Tam-O-Shanter Country Club

Club History

The Unusual Story of Tam-O-Shanter

History:
This 160-acre tract of rolling wooded land was leased in 1925 by a group of wealthy Detroit Industrialists. They organized a Stag Country Club: “Tam-O-Shanter.” They brought here from England Captain C. A. Allison, considered by many to be the world’s foremost golf architect, who designed this superb championship course. Their clubhouse was designed by Architect H. Augustus O’Dell. At the time of the bank failure in 1933, the original Tam-O-Shanter club was dissolved, since most of the members belonged to other clubs and used Tam-O-Shanter as a stag club.

Value of the Property:
The original Tam-O-Shanter membership group had made an investment of $664,000 in the property and its maintenance. It is safe to say that Tam-O-Shanter ranks among the first flight clubs in the Detroit district in value of land and among the first half-dozen in the character and quality of golf.

The Club House:
Tam-O-Shanter’s modern Club House is of English architecture and masonry construction. It extends for a 200-foot length along a ridge, affording a vista to the East of practically the entire course. The building had been called “the coolest Club House in the Detroit district,” because it is screened from the sun by the grove of tall trees surrounding it. Value of the building - $75,000

Despite the fact that this is a “Millionaire’s Club House,” the services are extremely reasonable. For example, Golfer’s Luncheons 75c; Dinners $1.50 and $2.00; other services (bar, sandwiches, etc.) on a similar basis. An attractive feature is the beautiful shaded Club House lawn, with its tables and chairs.

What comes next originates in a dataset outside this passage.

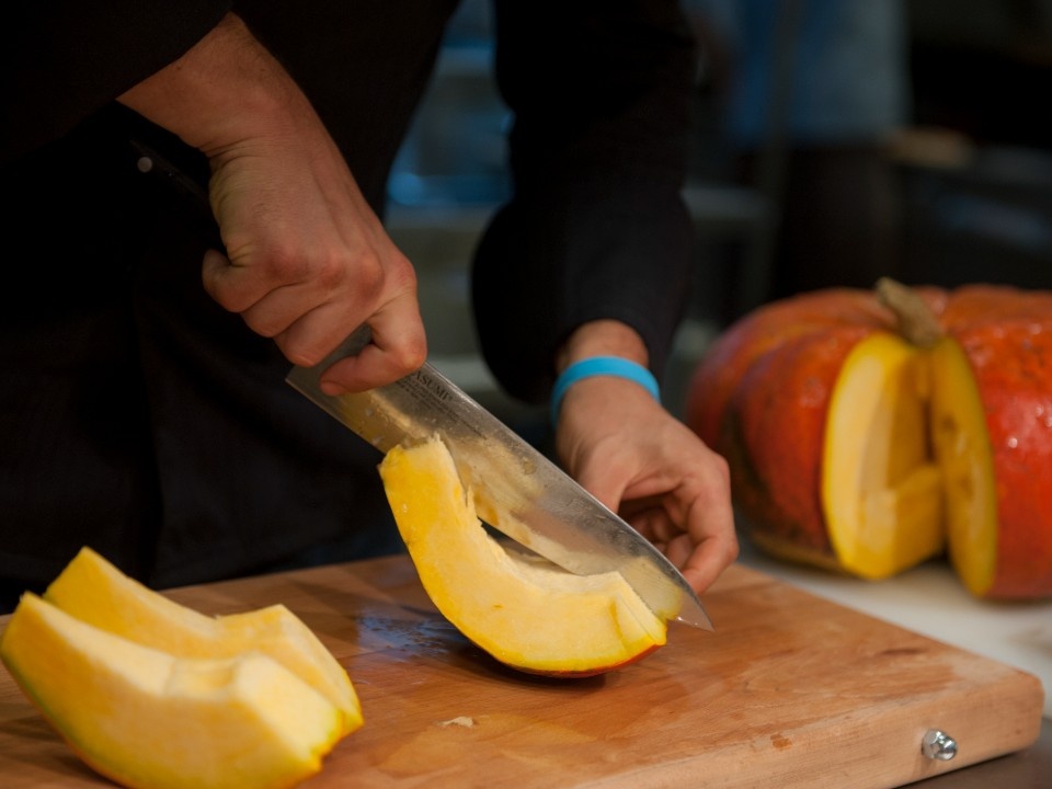 Далее выложите подготовленную тыкву в один слой на противень и поместите в заранее разогретую до 200 °C духовку. Запекайте около 30 минут, однако не забудьте учесть вид тыквы – она должна стать мягкой и слегка подрумяненной.

The 18-Hole Championship Course:
In keeping with present-day golf architecture, Tam-O-Shanter has very few sand traps. The undulating character of the terrain makes natural hazards, requiring the golfer to place each shot. Yet there are no severe grades or slopes. It has been termed “a perfect layout” by golf experts. Total yardage 6683. Par 72. Extra large tees and greens, all of Washington-strain Creeping Bent. Tees are surrounded by luxuriant flowering shrubs which blossom from early spring until late fall. The wide fairways are heavily turfed, watered, and kept in perfect condition by a competent crew.

“Good Fellowship”:
At Tam-O-Shanter, there exists one of the finest “Club Shops” to be found anywhere. There are no cliques. There is always good company for golf, bridge, or a social chat. Tam-O-Shanter privileges have been (and will be) extended in a most careful manner. Invitation and election is by a committee which reserves the right to cancel the privileges at any time, reimbursing the fee on a pro-rata basis. This provides the same type of social selectivity, which exists in better class private clubs.